■ **DATA PROVIDED**:

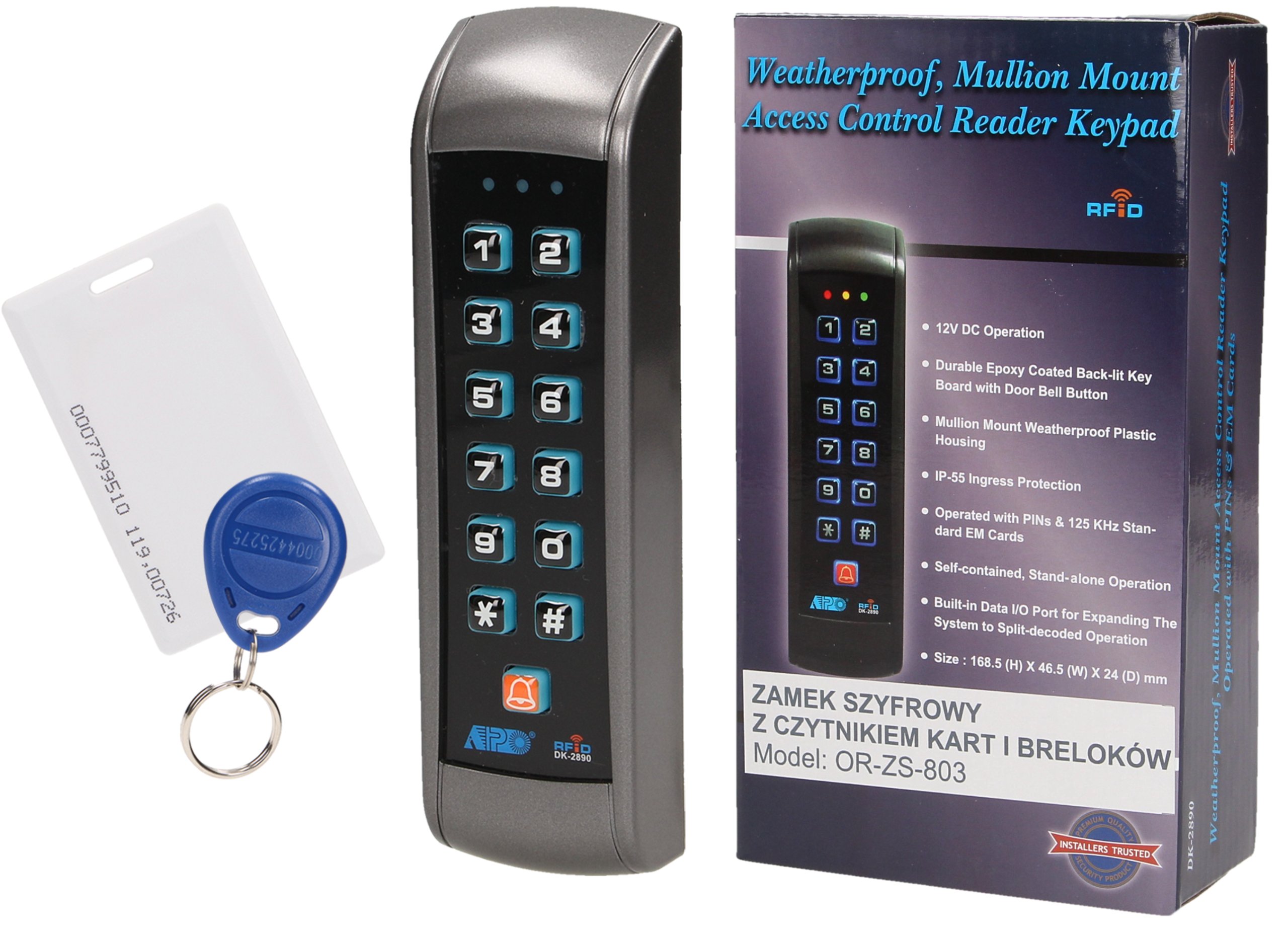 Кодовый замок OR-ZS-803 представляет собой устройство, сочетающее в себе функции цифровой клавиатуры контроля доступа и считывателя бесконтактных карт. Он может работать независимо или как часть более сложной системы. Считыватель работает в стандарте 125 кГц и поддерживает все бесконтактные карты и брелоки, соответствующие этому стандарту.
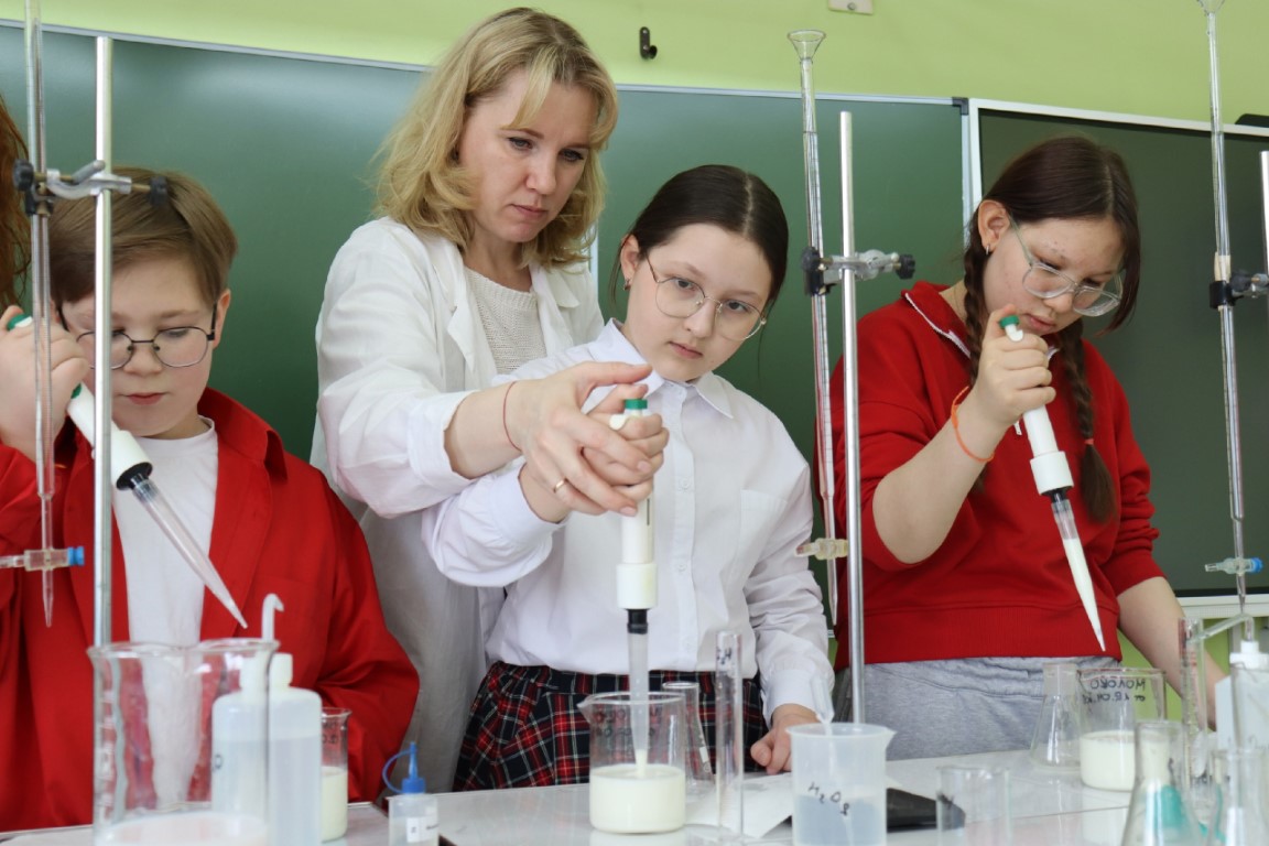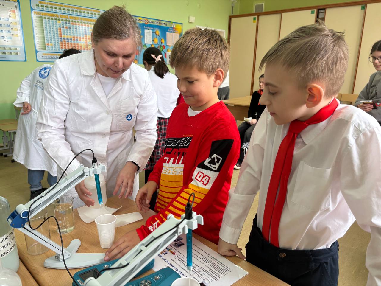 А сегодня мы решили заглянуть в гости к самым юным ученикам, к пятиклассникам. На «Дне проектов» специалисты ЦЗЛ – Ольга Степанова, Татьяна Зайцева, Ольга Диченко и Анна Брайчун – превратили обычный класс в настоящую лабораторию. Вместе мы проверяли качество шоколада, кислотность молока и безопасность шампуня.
--
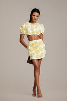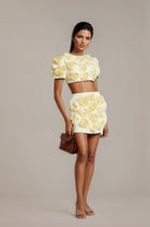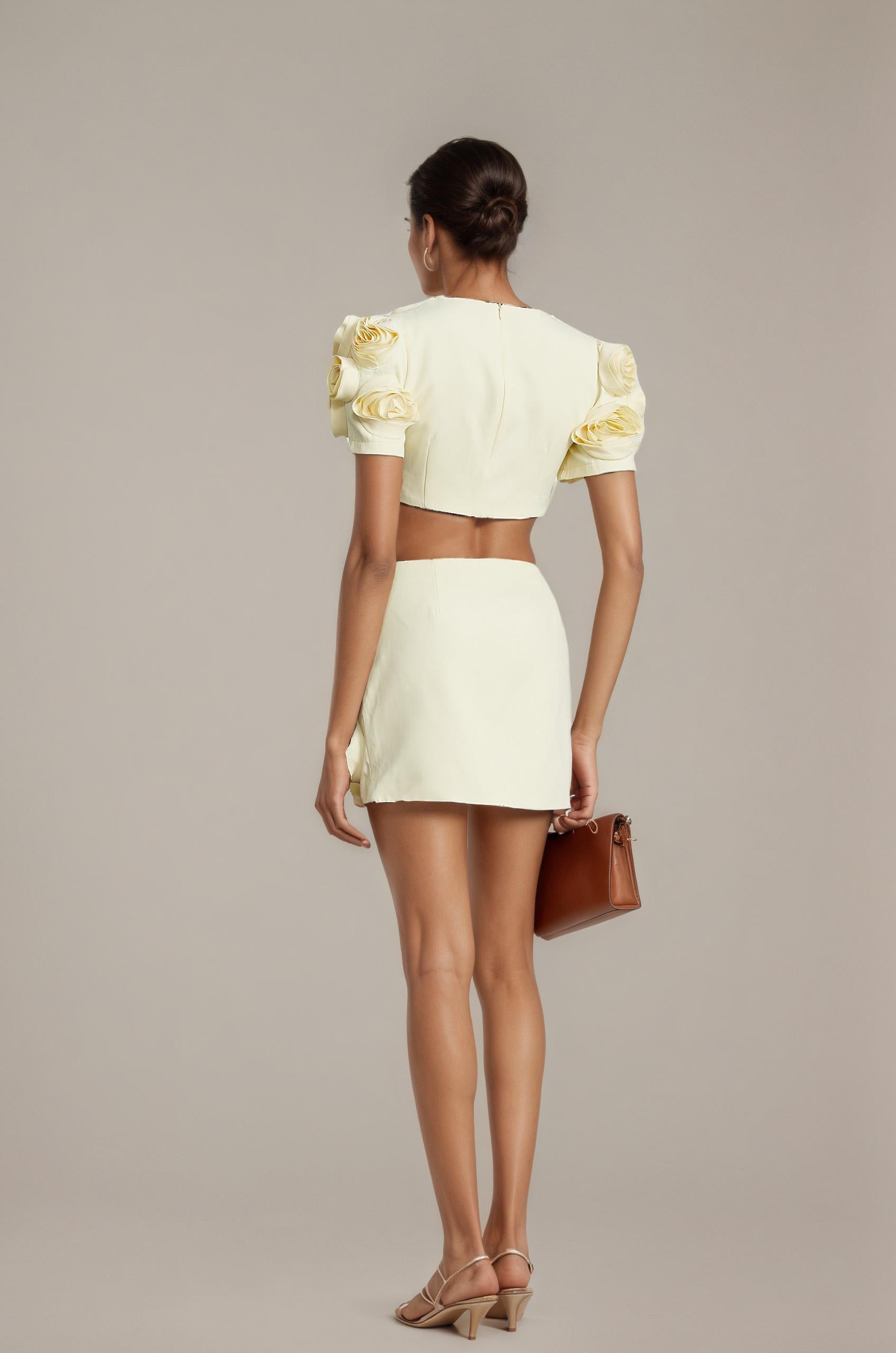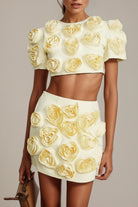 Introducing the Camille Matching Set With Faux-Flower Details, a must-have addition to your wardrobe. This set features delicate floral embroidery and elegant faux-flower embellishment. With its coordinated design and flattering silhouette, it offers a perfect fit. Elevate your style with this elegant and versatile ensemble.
--
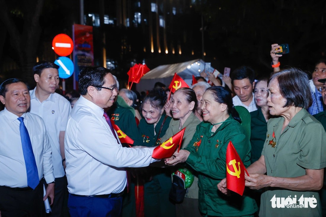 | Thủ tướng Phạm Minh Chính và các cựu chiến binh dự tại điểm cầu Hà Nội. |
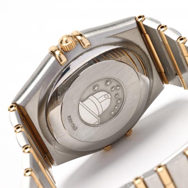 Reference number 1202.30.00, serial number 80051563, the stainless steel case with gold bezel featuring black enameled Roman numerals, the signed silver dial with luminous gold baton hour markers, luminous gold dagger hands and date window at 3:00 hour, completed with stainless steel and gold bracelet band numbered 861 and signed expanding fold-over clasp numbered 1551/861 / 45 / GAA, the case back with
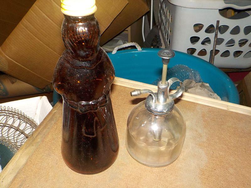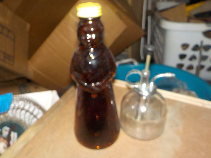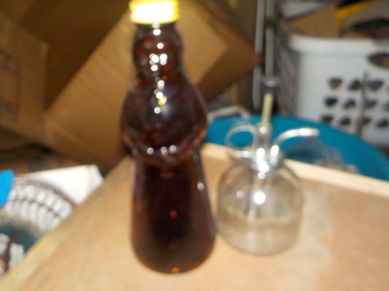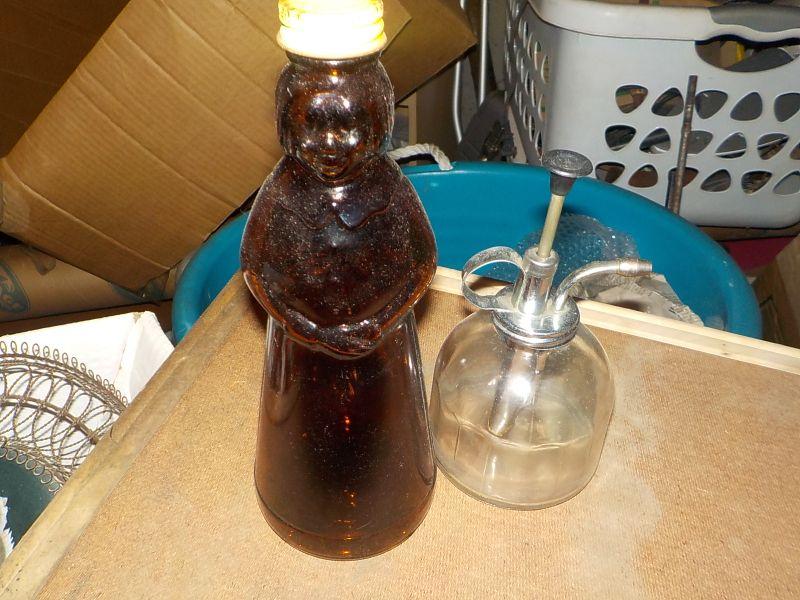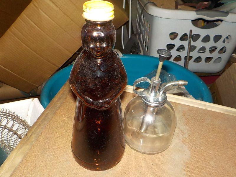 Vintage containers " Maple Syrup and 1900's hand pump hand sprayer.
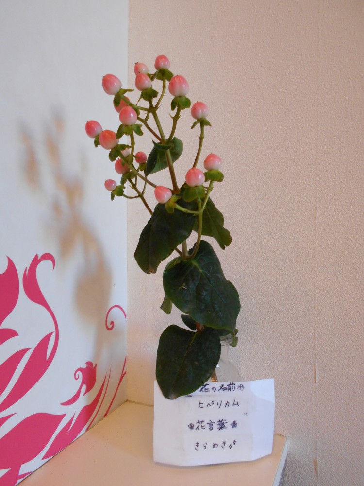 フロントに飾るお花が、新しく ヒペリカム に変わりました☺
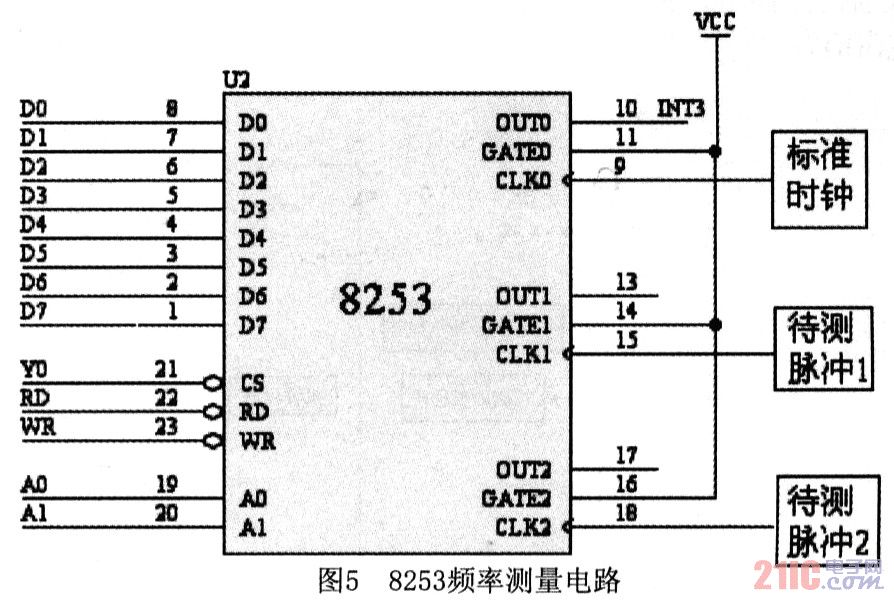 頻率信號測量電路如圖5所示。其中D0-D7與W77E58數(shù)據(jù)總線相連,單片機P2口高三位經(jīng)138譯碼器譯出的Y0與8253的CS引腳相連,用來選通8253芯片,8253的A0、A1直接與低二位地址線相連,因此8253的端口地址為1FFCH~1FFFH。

■ **REQUIRED WORK**: Above are some records; extract exactly the lines from the one containing "Кодовый замок OR-ZS-803" through the one containing "А сегодня мы" and drop the pictures.

■ **SOLUTION TO THE PROBLEM**:
 Кодовый замок OR-ZS-803 представляет собой устройство, сочетающее в себе функции цифровой клавиатуры контроля доступа и считывателя бесконтактных карт. Он может работать независимо или как часть более сложной системы. Считыватель работает в стандарте 125 кГц и поддерживает все бесконтактные карты и брелоки, соответствующие этому стандарту.
 А сегодня мы решили заглянуть в гости к самым юным ученикам, к пятиклассникам. На «Дне проектов» специалисты ЦЗЛ – Ольга Степанова, Татьяна Зайцева, Ольга Диченко и Анна Брайчун – превратили обычный класс в настоящую лабораторию. Вместе мы проверяли качество шоколада, кислотность молока и безопасность шампуня.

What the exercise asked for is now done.